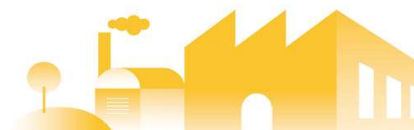
圖一：直轄市、縣(市)政府審查未登記工廠申請納管、提送工廠改善計畫及辦理特定工廠登記之進度
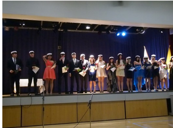
Kuva 16:

Tarkiainen Eetu Joonas Kristian Väänänen Arttu Oskari
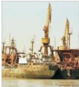
Compania APM SA a realizat investiții de peste 750 milioane lei în portul Constanța
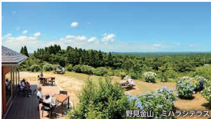
野見金山 ミハラシテラス
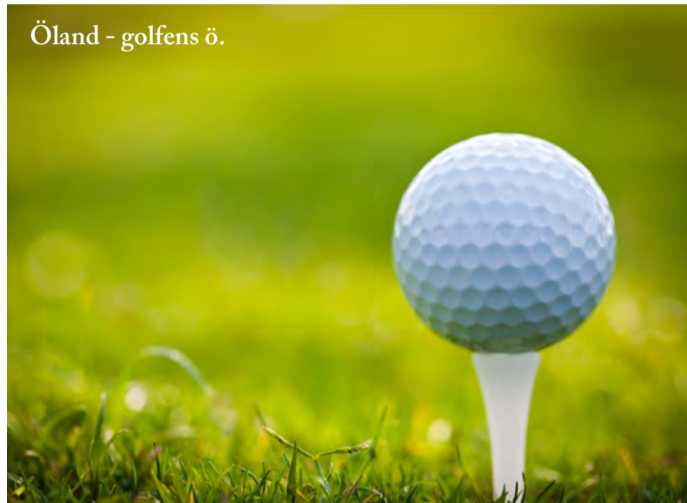
Öland - golfens ö.
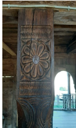
კვირიკეს ჯამე. ბოძის მორთულობა.
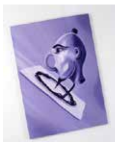
La Tête Violette , 1986 acrylique sur toile 135 x 110 cm Collection Frac Poitou-Charentes
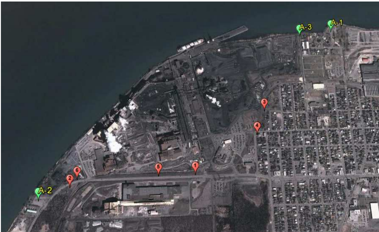
Figure 4 : Localisation du LEAE en position stationnaire lors des analyses de métaux

Les analyses de métaux en continu lorsque le laboratoire mobile LEAE était en position stationnaire à Saint-Joseph-de-Sorel les 15, 16, 30 et 31 juillet ainsi que les 29, 30 septembre et 1 er octobre ont été réalisées en temps réel à l'aide d'un analyseur à fluorescence par rayon X. Les positionnements du LEAE lors des analyses ont été choisis par rapport à la direction des vents majoritaires afin d'identifier et de quantifier les métaux émis par les différentes sources d'émission de la compagnie lors des activités normales de celle-ci. La localisation du LEAE lors des analyses en position stationnaire en amont (A-1 à A-3) et en aval (1 à 6) de l'entreprise où les métaux ont été caractérisés par l'analyseur de métaux sont présentés à la Figure 4. Les résultats d'analyses sont quant à eux présentés aux tableaux 7 (PST) et tableau 8 (matière particulaire de 10 \mu m et moins, PM 10 ).
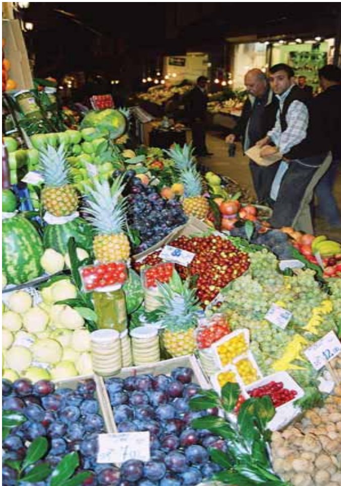
Frukt som du selv skreller, som bananer, appelsiner og mango, er alltid trygt å spise.

– Søk gjerne informasjon på internett, men få bekreftet de medisinske opplysningene på en reise- eller vaksinasjonsklinik. Situasjonen forandrer seg hele tiden. Man kan derfor godt kalle reisemedisin for ferskvare. Har det for eksempel vært en større flom i Pakistan vil vi anbefale en vaksine mot tyfoidfeber, selv om dette ikke er noe krav, og vanligvis ikke anbefales. Hvis man kontakter oss, vil man i tillegg til vaksine også kunne få råd om andre helserisiki ved reisen. Det finnes en rekke sykdommer det ikke er mulig å vaksinere seg mot, og som det er viktig å informere om, slik at man kan beskytte seg på annet vis.
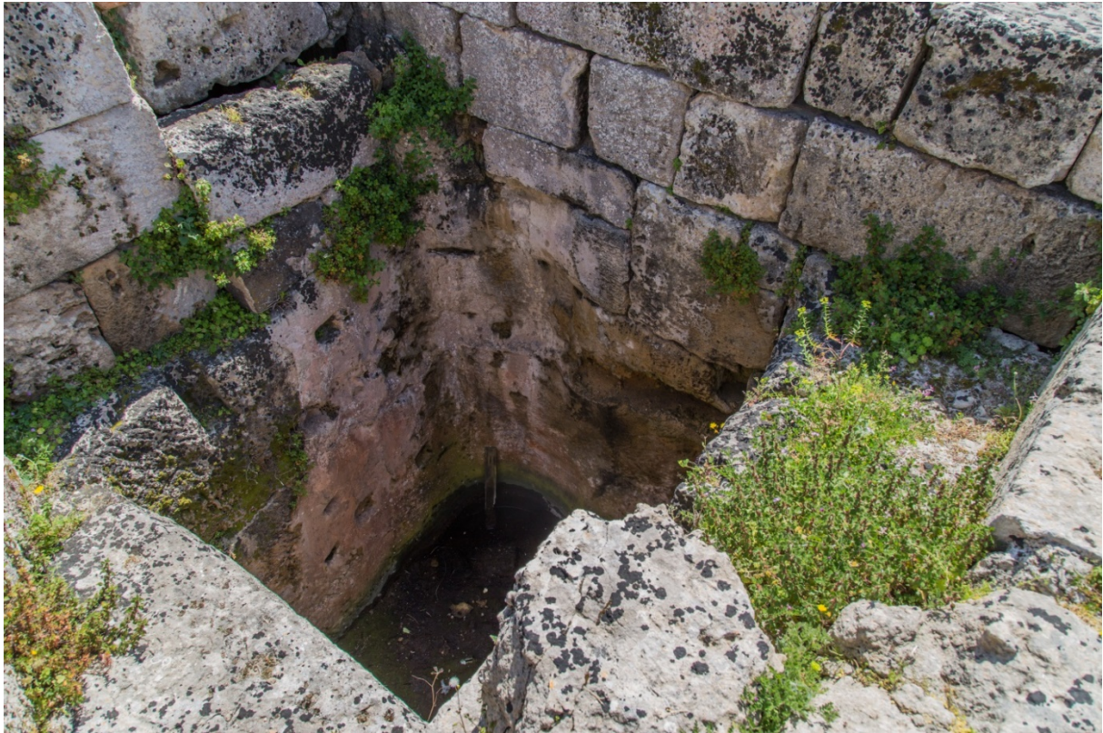
Fig. 5 - Cisternone delle Terme n. 1
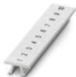
Zackband, Streifen, weiß, beschriftet, längs bedruckt: fortlaufende Zahlen 1-10, 11-20 usw. bis 491-500, Montageart: verrasten in hoher Schildchennut, für Klemmenbreite: 5,2 mm, Schriftfeldgröße: 5,15 x 10,5 mm

Zackband - ZB 5,LGS:FORTL.ZAHLEN - 1050017
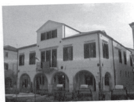
2000 (finito) – Restauro con cambio d'uso di Palazzo Ravagnan in Centro Storico a Chioggia
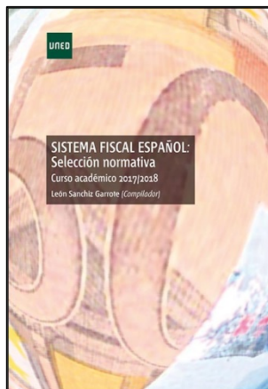
Sistema fiscal español: selección normativa curso académico 2017/2018
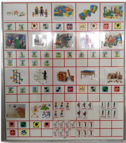
kiesbord uit een van de groepen.

Bijvoorbeeld: in de winkelhoek wordt inpakpapier aangeboden. Kinderen kunnen dan cadeautjes inpakken. Hierdoor zijn ze bezig met passen en meten en het oefenen van hun motoriek zonder dat ze dit zelf in de gaten hebben. In de huishoek liggen tijdschriften zodat kinderen in aanraking komen met letters en doen alsof ze lezen (en misschien ook letters herkennen).
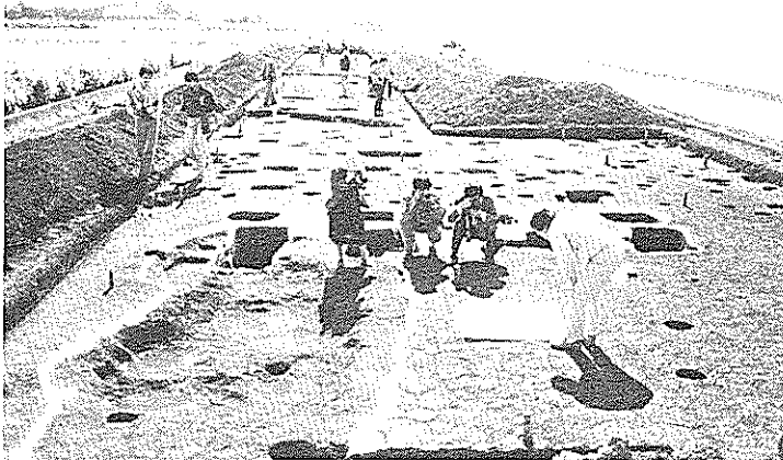
官衙に付随する建物跡が発見された内日吉の現地

調査は十月一日から始まり、比内内日吉二ノ坪の四百二十四平方メートルを発掘。 出土遺物は約一万点、漆器（甕かめ）などの土師質（はじしつ）土器や須恵器、青磁など。遺構は、一棟の堅穴住居跡、五棟の掘立柱建物跡など。
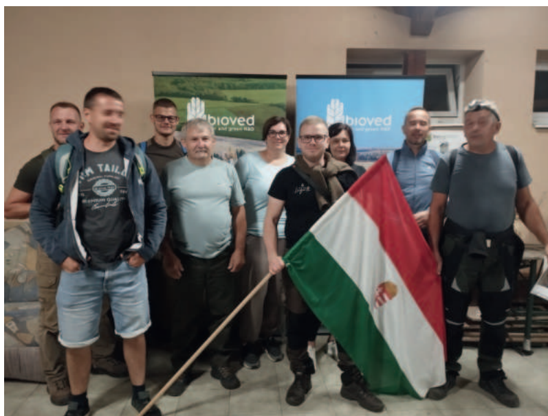
A Bagolytúra 3. helyezett, különdíjas csapata

§ §

**DESCRIPTION OF THE TASK**:
Reproduce exactly the lines of the data above that run from the line with "野見金山 ミハラシテラス" down to the line with "Figure 4 : Localisation", both ends included. Pictures do not belong in the copy.

**EXERCISE SOLUTION**:
野見金山 ミハラシテラス
Öland - golfens ö.
კვირიკეს ჯამე. ბოძის მორთულობა.
La Tête Violette , 1986 acrylique sur toile 135 x 110 cm Collection Frac Poitou-Charentes
Figure 4 : Localisation du LEAE en position stationnaire lors des analyses de métaux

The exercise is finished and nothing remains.